Gartner recently predicted that 70% of organisations by 2025 will shift their focus from big to small and wide data for more context for analytics and making AI less data hungry.
“Disruptions such as the pandemic is causing historical data that reflects past conditions to quickly become obsolete, which is breaking many production AI and machine learning (ML) models,” said Jim Hare, distinguished research vice president at Gartner.
In addition, decision making by humans and AI has become more complex and demanding, and overly reliant on data hungry deep learning approaches, he noted.
D&A leaders need to turn to new analytics techniques knows as “small data” and “wide data”, Gartner advised.
“Taken together they are capable of using available data more effectively, either by reducing the required volume or by extracting more value from unstructured, diverse data sources,” Hare said.
Small and wide Data allow more robust analytics and AI
Small data is an approach that requires less data but still offers useful insights, while including certain time-series analysis techniques or few-shot learning, synthetic data, or self-supervised learning, Gartner said.
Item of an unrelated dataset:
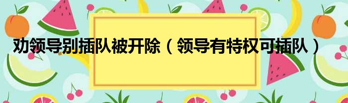 大家好,小霞來為大家解答以上的問題。勸領導別插隊被開除,領導有特權可插隊這個很多人還不知道,現在讓我們一起來看看吧!

Wide data enables the analysis and synergy of a variety of small and large, unstructured, and structured data sources, the firm pointed out.
It applies X analytics, with X standing for finding links between data sources, as well as for a diversity of data formats, Gartner explained.
These formats include tabular, text, image, video, audio, voice, temperature, or even smell and vibration, the advisory firm added.
“Both approaches facilitate more robust analytics and AI, reducing an organisation’s dependency on big data and enabling a richer, more complete situational awareness or 360-degree view,” Hare pointed out.
“D&A leaders apply both techniques to address challenges such as low availability of training data or developing more robust models by using a wider variety of data,” he said.
Potential applications
Potential areas where small and wide data can be used are demand forecasting in retail, real-time behavioural and emotional intelligence in customer service applied to hyper-personalisation, and customer experience improvement, Gartner predicted.
Other areas include physical security or fraud detection and adaptive autonomous systems, such as robots, which constantly learn by the analysis of correlations in time and space of events in different sensory channels, the firm added.